We now show how to quantify the epistemic uncertainty of Monte Carlo estimates using the CLT. Remember that we are working with an expectation of the form:

\[ I = \mathbb{E}[g(X)]=\int g(x) p(x) dx, \]

where \(X\sim p(x)\) and \(g(x)\) is a function of \(x\). Our sampling-based approximation starts by taking \(X_1, X_2,\dots\) be independent copies of \(X\). Then, it uses the random variables \(Y_1 = g(X_1), Y_2 = g(X_2), \dots\), which are also independent and identically distributed. Invoking the strong law of large states, we saw that the sampling average of the \(Y_i\)’s converges to their mean:

\[ \bar{I}_N=\frac{g(X_1)+\dots+g(X_N)}{N}=\frac{Y_1+\dots+Y_N}{N}\rightarrow I,\;\text{a.s.} \]

Note that the variables \(Y_i = g(X_i)\) are independent identical distributed with mean:

\[ \mathbb{E}[Y_i] = \mathbb{E}[g(X_i)] = I. \]

Assume that their variance is finite, i.e.,

\[ \mathbb{V}[Y_i] = \sigma^2 < +\infty. \]

Yes, a random variable can have an infinite variance. The CLT would not work in that case. Okay. If the variance of the \(Y_i\)’s is indeed finite, the CLT applies for them, and you get that their sampling average \(\bar{I}_N\) becomes approximately normally distributed for large \(N\), i.e.,

\[ \bar{I}_N \sim N\left(I, \frac{\sigma^2}{N}\right), \]

for large \(N\). Now, we may rewrite this equation as follows:

\[ \bar{I}_N = I + \frac{\sigma}{\sqrt{N}}Z, \]

where \(Z\sim N(0,1)\) is a standard normal, recall Lecture 4. It’s like saying \(I_N\) is \(I\) plus some zero mean noise with a given variance.

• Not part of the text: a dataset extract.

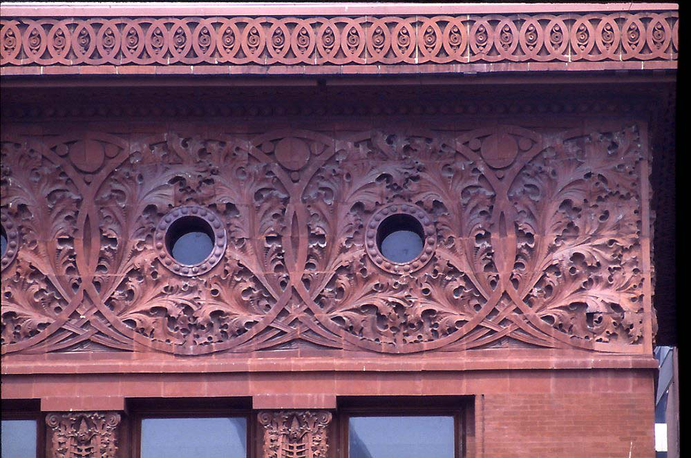 Details from Louis Sullivan's Wainwright Building In St. Louis, Missouri, USA

But it is not ad hoc; this is precisely what the CLT says. Now take this equation and solve for \(I\):

\[ I = \bar{I}_N - \frac{\sigma}{\sqrt{N}}Z. \]

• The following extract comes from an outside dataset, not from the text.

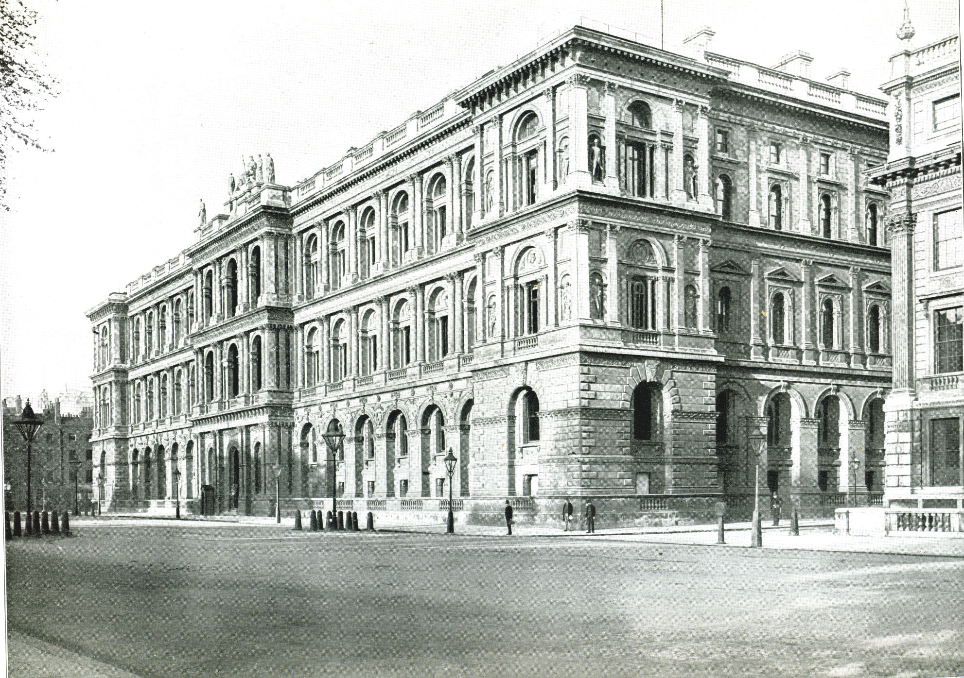 The sentry box outside the Foreign Office dates the photograph to the mid 1880s. There is a Police Constable standing at the end of Downing Street near the junction with Whitehall but there are no gates. The buildings on the extreme left are in King Street.

This says that the actual value of the expectation \(I\) is \(I_N\) minus some zero mean noise with a given variance. Going back to distributions:

\[ I \sim N\left(\bar{I}_N, \frac{\sigma^2}{N}\right), \]

where the minus sign disappears because \(Z\) and \(-Z\) have the same distribution (standard normal). We are after this expression, except we need to know what \( \sigma^2 \) is. Well, let’s approximate it also with a sampling average! We did this already in Lecture 8. Set:

\[ \bar{\sigma}_N^2 = \frac{1}{N}\sum_{j=1}^Ng^2(X_j) - \bar{I}_N^2. \]

Now we can say that:

\[ I \sim N\left(\bar{I}_N, \frac{\bar{\sigma}^2_N}{N}\right). \]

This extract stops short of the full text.